Download or read book Life at Home in the Twenty-First Century written by Jeanne E. Arnold and published by Cotsen Institute of Archaeology Press. This book was released on 2012-12-31 with total page 181 pages. Available in PDF, EPUB and Kindle. Book excerpt: Winner of the 2014 John Collier Jr. Award Winner of the Jo Anne Stolaroff Cotsen Prize Life at Home in the Twenty-First Century cross-cuts the ranks of important books on social history, consumerism, contemporary culture, the meaning of material culture, domestic architecture, and household ethnoarchaeology. It is a distant cousin of Material World and Hungry Planet in content and style, but represents a blend of rigorous science and photography that these books can claim. Using archaeological approaches to human material culture, this volume offers unprecedented access to the middle-class American home through the kaleidoscopic lens of no-limits photography and many kinds of never-before acquired data about how people actually live their lives at home.
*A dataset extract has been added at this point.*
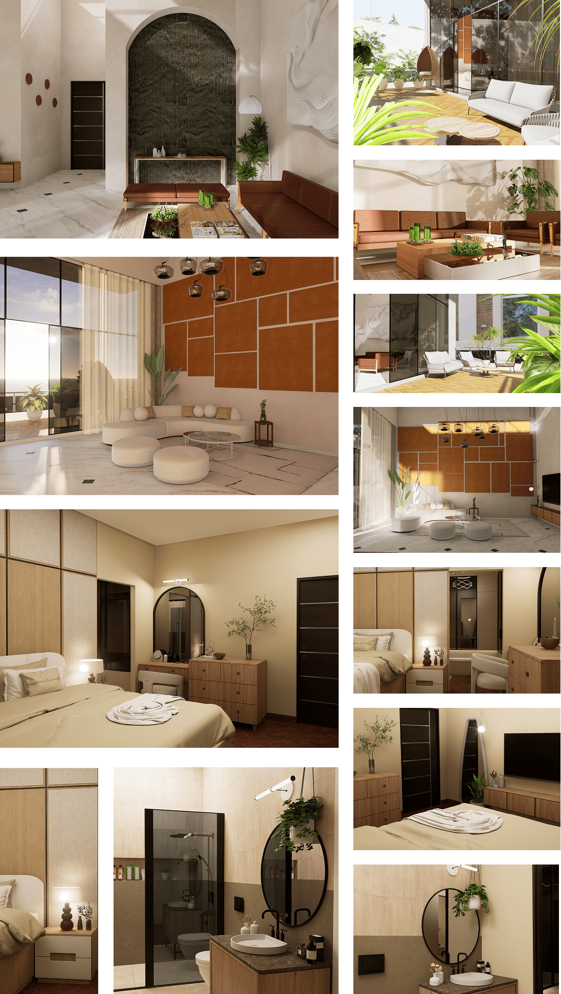 This home blends earthy tones with modern minimalism, creating a warm and serene atmosphere. Clean lines, natural textures, and subtle lighting enhance its sophisticated aesthetic. Open spaces and thoughtful decor elements—like wood paneling, soft upholstery, and indoor greenery—add comfort while maintaining elegance. Each room flows seamlessly, reflecting functionality and calmness, ideal for relaxed and contemporary living.

Based on a rigorous, nine-year project at UCLA, this book has appeal not only to scientists but also to all people who share intense curiosity about what goes on at home in their neighborhoods. Many who read the book will see their own lives mirrored in these pages and can reflect on how other people cope with their mountains of possessions and other daily challenges. Readers abroad will be equally fascinated by the contrasts between their own kinds of materialism and the typical American experience. The book will interest a range of designers, builders, and architects as well as scholars and students who research various facets of U.S. and global consumerism, cultural history, and economic history.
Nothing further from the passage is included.